Top-Ranked Penn State Gets Lucky Two Fourth-Quarter Tds Allow Nittany Lions To Escape With Win

George Dohrmann Saint Paul Pioneer Press

The room went silent. Tearful eyes all looked to the door. Into the Minnesota locker room walked Penn State football coach Joe Paterno.

Paterno walked from one side of the room to the other. He stayed only a few minutes. He said four words.

“You should have won.”

First to the Gophers’ offense, then to the defense.

“You should have won.”

A man of class will admit when he is beaten, and that was what Paterno had come to do. Saturday at Beaver Stadium, his Nittany Lions, the No. 1-ranked team in the nation, escaped the Gophers 16-15.

Paterno said what the score didn’t.

“They had every right to win it,” he said after speaking to the Minnesota players. “They outplayed us.
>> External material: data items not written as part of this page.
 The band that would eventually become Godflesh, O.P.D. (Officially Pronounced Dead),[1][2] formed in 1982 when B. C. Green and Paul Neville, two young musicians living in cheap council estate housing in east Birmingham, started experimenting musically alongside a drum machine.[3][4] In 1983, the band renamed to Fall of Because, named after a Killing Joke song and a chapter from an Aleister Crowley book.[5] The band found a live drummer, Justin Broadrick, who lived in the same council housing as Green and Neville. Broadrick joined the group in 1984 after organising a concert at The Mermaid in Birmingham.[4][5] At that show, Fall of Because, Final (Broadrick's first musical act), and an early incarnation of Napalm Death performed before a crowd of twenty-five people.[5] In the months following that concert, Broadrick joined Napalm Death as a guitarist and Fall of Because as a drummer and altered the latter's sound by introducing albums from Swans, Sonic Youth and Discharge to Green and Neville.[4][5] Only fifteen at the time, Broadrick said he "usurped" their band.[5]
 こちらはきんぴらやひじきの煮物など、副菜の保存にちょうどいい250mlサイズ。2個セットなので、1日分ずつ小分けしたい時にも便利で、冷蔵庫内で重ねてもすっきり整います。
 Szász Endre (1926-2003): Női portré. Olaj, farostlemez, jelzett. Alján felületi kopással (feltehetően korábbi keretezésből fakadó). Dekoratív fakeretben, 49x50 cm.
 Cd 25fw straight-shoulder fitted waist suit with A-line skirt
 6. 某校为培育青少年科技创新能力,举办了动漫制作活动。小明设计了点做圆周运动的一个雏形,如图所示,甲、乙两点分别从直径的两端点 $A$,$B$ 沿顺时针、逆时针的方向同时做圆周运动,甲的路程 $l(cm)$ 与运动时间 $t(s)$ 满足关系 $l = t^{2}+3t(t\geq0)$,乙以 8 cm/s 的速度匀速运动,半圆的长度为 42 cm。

They outcoached us. It’s a shame they lost that football game.”

And how did Minnesota lose?

“We just outlucked them.”

Luck.

The team that was supposed to be five touchdowns better than Minnesota got the last of the luck. A penalty in the fourth quarter, a fumble not long after. Both led to the game’s only touchdowns. Both on runs by Curtis Enis. Both when Penn State had to have them.

“This game,” Lions linebacker Jim Nelson said, “was like a gift from God.”
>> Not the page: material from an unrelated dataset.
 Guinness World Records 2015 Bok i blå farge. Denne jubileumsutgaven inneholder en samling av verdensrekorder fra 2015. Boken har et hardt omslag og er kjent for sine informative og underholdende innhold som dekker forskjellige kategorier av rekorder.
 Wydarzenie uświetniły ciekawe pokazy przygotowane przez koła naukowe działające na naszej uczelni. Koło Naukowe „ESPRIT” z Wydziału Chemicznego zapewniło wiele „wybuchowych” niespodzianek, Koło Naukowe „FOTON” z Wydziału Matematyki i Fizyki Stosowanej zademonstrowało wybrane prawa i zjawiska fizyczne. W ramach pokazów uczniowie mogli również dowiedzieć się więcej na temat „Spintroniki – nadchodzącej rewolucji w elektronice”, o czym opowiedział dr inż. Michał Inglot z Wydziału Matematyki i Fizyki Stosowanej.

A gift was not what 96,953 in attendance expected. Not what Penn State (6-0, 3-0 Big Ten) planned for its homecoming. But Minnesota coach Glen Mason changed everything when he turned his players loose by asking them before the game: “What is the worst that can happen?”

Minnesota, a 34-point underdog, played with reckless abandon. The Gophers (2-5, 0-3) led all but the final 4 minutes, and led 15-3 near the start of the fourth quarter on Adam Bailey’s fifth field goal.
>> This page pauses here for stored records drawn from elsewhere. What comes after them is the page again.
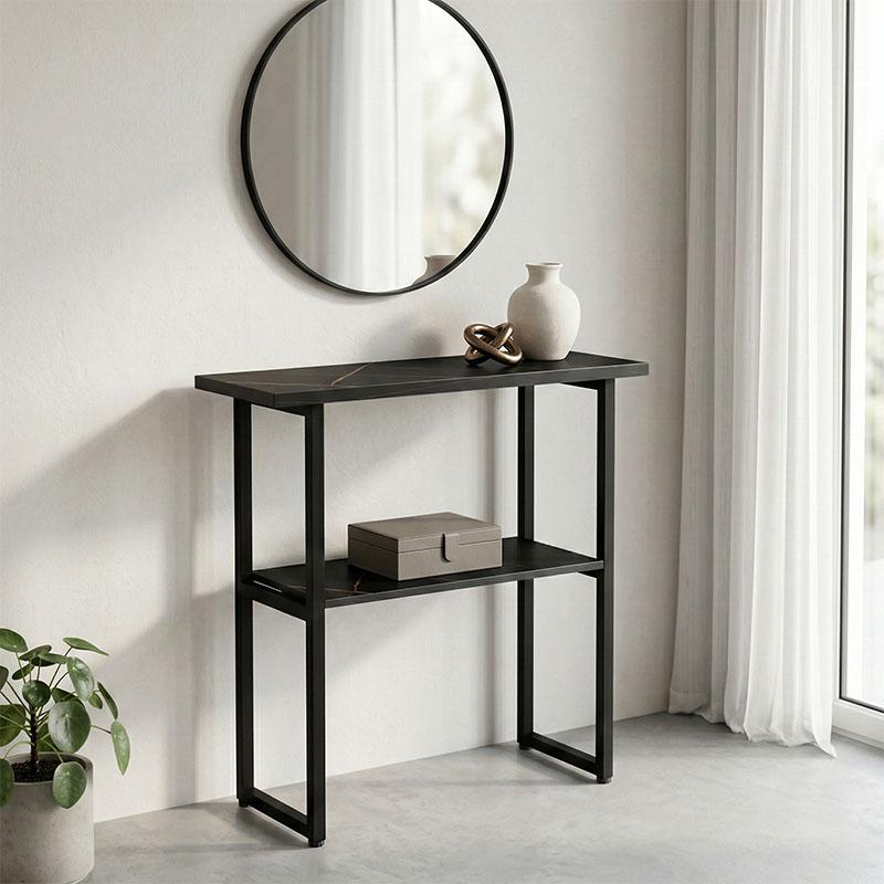 Κονσόλα Solain pakoworld μαύρο εφε μαρμάρου-μαύρο μέταλλο 79x29x85εκ
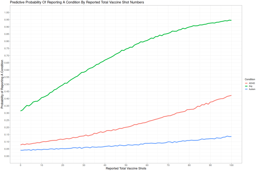 From this, he found similar results to the previously mentioned parties. For example in his first survey of ~10,000 people, he again demonstrated the dose-response relationship between vaccination and chronic illness: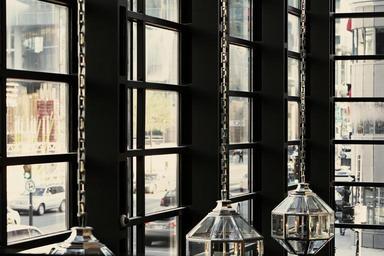 Keywords: windows lamps montreal quebec interior contemporary design chandeliers lights chains links glass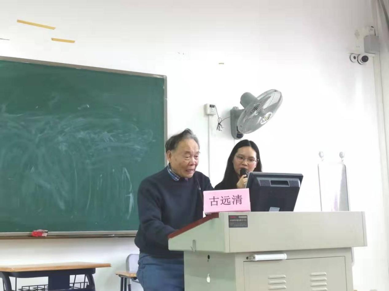 3月14日,应用外语学院研习所及之江社系列活动在明德楼2-102举行。中南财经政法大学教授、台港澳暨海外华文文学研究所所长、中国新文学学会副会长、国际炎黄文化研究会副主席古远清应邀为外语学子进行一场主题为“青春作伴好读书”的读书分享交流会。学院党总支书记李德富,副院长杨国民出席本次活动。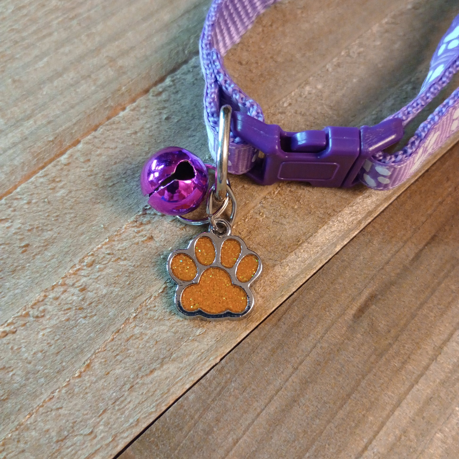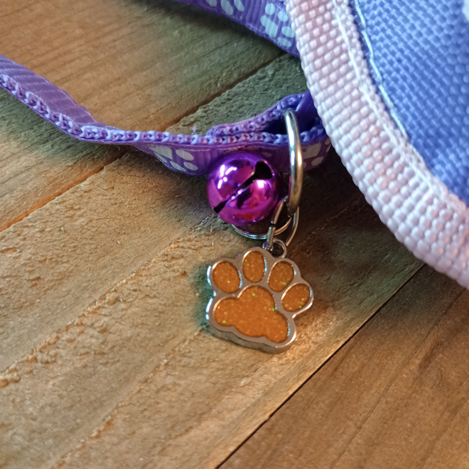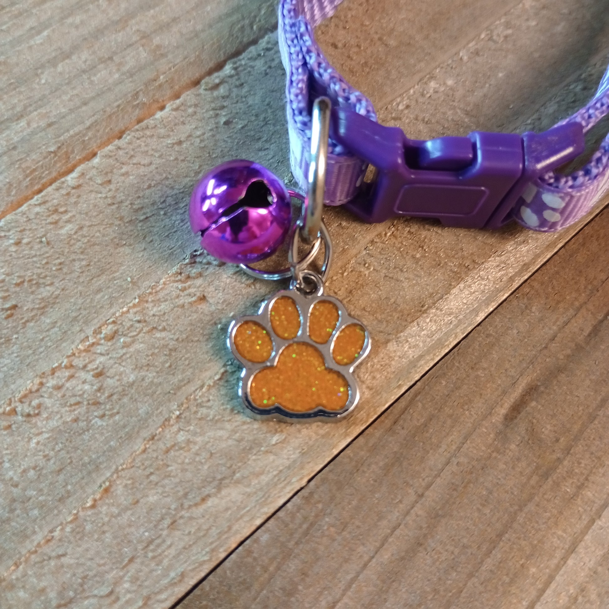 This Yellow Glitter Paw Pet Tag is 0.7 x 0.67 inches and made of metal alloy with an non-decorated silver colored back that allows for 1 line of text on the back.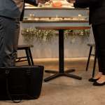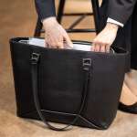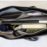 ボトムの汚れ防止カバーは、マグネットでバッグ本体にくっついていて、簡単に接地する面を切り替えられる構造となっています。汚れた地面に置いて底面が汚れてしまった場合でも、カバーの向きを変えることで、瞬時に汚れた面を隠して、キレイな面が露出。こうすれば、気兼ねなく膝の上にも置けますし、取引際に来訪する際に汚れた部分を見せずに済みます。汚れてしまった面は、のちほどウェットティシュで拭けばまた清潔な状態に。

The end - the score that won the game - was a 10-yard sweep by Enis with 3:59 to play. But the true end came a play earlier, when Thomas Hamner fumbled on the first play of a possession with the Gophers leading 15-10.

The Gophers lasted until the end because of Bailey, who kicked field goals of 52, 23, 32, 50 and 33 yards, breaking the Minnesota record and tying the modern-day Big Ten mark for a field goals in a game.